Bill & Annie

Have a look at Bill and Annie, choose a box for them, some labels.

While I read a very interesting thesis on respectability this afternoon and tonight, my daughter cut a big chunk of her hair off and later drew all over herself and the walls. I guess Virginia Woolf didn't have kids.

Some questions in my head at the moment:


1. Why has Annie left her hair down for a formal studio portrait?


2. How far am I with unravelling the thorny issue of representing voiceless women in academic studies? It's kind of cool, this post-modern theorising, with its multiple attendants with their different voices and subjectivity and so on until I wonder if I am on drugs and then realise I mustn't be because that would surely be less cluttered. But it's still fancy academics colonising silent women for their intellectual sport.

And I have played that sport. And I know that I sort of fell in love with all those women of the past and spent hours just finding the most basic of facts about every single one I could. And then at the end what really mattered was the dressing, not the actual women. Theory, framework, argument.


3. Are only the already privileged allowed to want to be capitalists? Is the decline of the labour movement in New Zealand (and elsewhere, thinking particularly of England), really to be placed in the letterboxes, summons to a coroner's inquest, of Maori, homosexuals, women? What about [naughty?] white men, keen for a life outside the factory, the mine, the sawmill, the car assembly plant - are they answerable to a decimation in traditional labour values? A class analysis of power reveals a lot of interesting things about society. But a class analysis of what action should be taken to confront capitalism and its intrinsic exploitation, well that seems to require that working people think and act as one. All the time. Which seems pretty bloody patronising and problematic.

4. When will it stop raining? Will town flood tonight?

Just questions, no attempt at lucid elaboration at the moment.
Yesterday was less complex. We went out in the mist in search of some kai moana and came back with beautiful mussels. Nothing wrong with the camera in the photo below. It really was that misty. You don't need long distance vision to collect mussels, though mist like this precludes making a fire on the beach to cook and eat them straight away.

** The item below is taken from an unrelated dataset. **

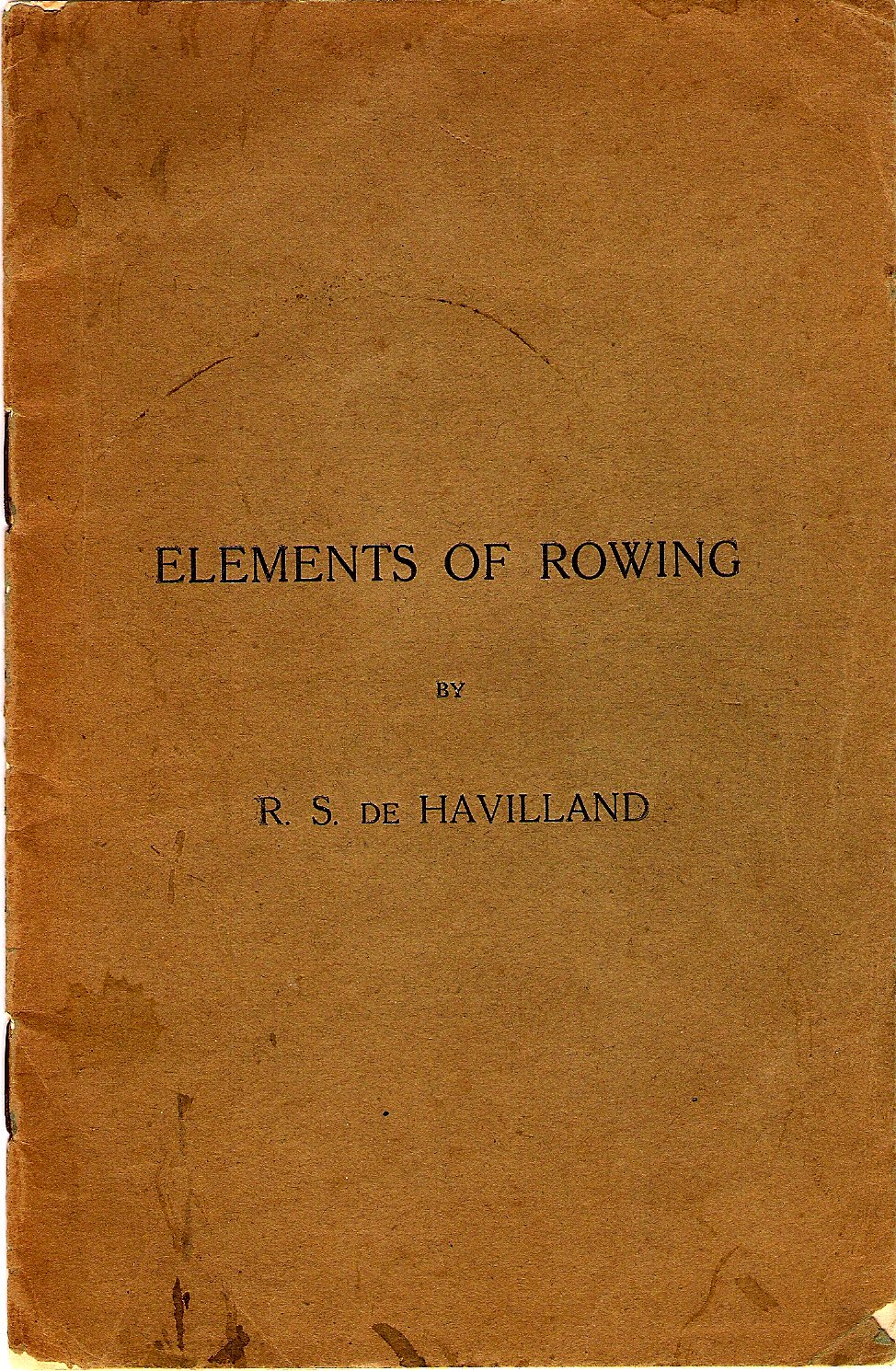 Nowadays, eighty years after it was published, Oar, Scull and Rudder is hard to come by in the antiquarian book trade. So are almost all of the publications that Brittain mentions in his book. One example is Reginald S. de Havilland’s Elements of Rowing, a little pamphlet published in 1913 by Eton College where de Havilland, or “Harvvy” as he was known, was the rowing coach. The pamphlet is only 11 pages [Brittain states 77 pp, but that must be a misprint] and it has “suggestions […] to helping those boys who are engaged in coaching junior fours at Eton” as stated in the foreword. It has short chapters on: “body”, “feet”, “hands”, “swing”, “forward like a spring bent down”, “finish”, “straps”, “the oar”, and “summary”.

Which is why we came back home via the great kai shop of modern times. Where I bought food for my short people who have no taste and thus leave the mussels to the adults. See, I do feed them. And where I live, wearing your gumboots to the supermarket is not totally unusual behaviour. Still a bit hard to see, but I'm wearing my new skirt again. The one that I sewed all by myself. I've got more sewing stuff going on, involving making a dress all by myself. Got more reading to do first.


I've been thinking about Bill and Annie for a long time. Especially Annie. Almost twenty years. Silence. One whisper, repeated only once. Drink. Otherwise no one ever spoke of her, only of Bill. I've seen the certificates, with an x beside mother. He wrote his name. Had a business. That part was before he got married. About 16 years between Bill and Annie, if the records are even vaguely accurate.

I don't know whether you would have been nana or grandma or something else. Dead while your kids were kids. But, you Annie, my Irish great great grandmother, I think of you every time I read things which purport to say something about working class women in colonial New Zealand. This photograph, some certificates of marriage, births, death, that short sentence. And silence.